Tight regulation of A to I editing and mRNA splicing at the Gria2 Q/R site. a The Q/R editing site in exon 11 (blue) forms an editing competent stem with the downstream intron 11 (gray). Two additional editing hotspots are located in the intron. Editing sites are marked by red dots. ECS = editing complementary site. b Editing at hotspots 1 and 2 has to take place in order to allow efficient removal of intron 11 by splicing. Apparently, intronic editing acts as a safe-guard to ensure efficient editing at the Q/R site in exon 11. For details, please refer to the text. Editing sites are marked by red dots. Green arrows indicate that editing enhances splicing at the 5’ss
Base-pairing between exonic and intronic sequences also has been shown to regulate alternative splicing and editing of the HTR2C pre-mRNA (Flomen et al. 2004; Grohmann et al. 2010) (Fig. 5a). Moreover, in the ADAR2 pre-mRNA, an intronic AA dinucleotide can be subjected to editing and converted to A(I), and subsequently recognized by the splicing machinery as the terminal AG dinucleotide of a 3′ splice site (Rueter et al. 1999).

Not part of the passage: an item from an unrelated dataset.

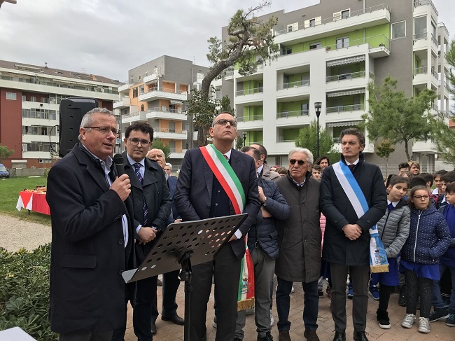 “E’ con immenso piacere che noi amministratori – così Franco Di Michele e Antonio Giorgio Lattanzio della Archea Costruzioni – partecipiamo a questa riconsegna del parco Angelo Vassallo. E’ stato un lavoro lungo e complesso, chi è del quartiere ricorderà certamente le condizioni in cui quella intera area versava, ma grazie alla collaborazione di tutti coloro che hanno dato fiducia alla Archea Costruzioni, a quelli che hanno lavorato per la realizzazione dello stesso, al Comune di Pescara che ha programmato la giusta destinazione territoriale e al buon progetto a firma dell’Ingegner Marco Pasqualini, è stato possibile realizzare uno spazio verde di tale estensione e di strategica importanza nel cuore di Pescara Porta Nuova. L’auspicio della Archea Costruzioni è che l’area possa essere goduta appieno dal quartiere, dalla comunità pescarese e rappresenti un esempio di come si può costruire salvaguardando comunque gli interessi della collettività.”

Ultimately, this alternative splicing event results in the inclusion of another 47 nucleotides into the mRNA that leads to a frame shift causing premature termination of translation. This, in turn, autoregulates the levels of active ADAR2 in the cell (Rueter et al. 1999). Editing may not only influence splicing events in close proximity. Indeed, Agrawal and Stormo provide evidence that editing efficiency correlates with a distant downstream alternative splicing event in Drosophila (Agrawal and Stormo 2005).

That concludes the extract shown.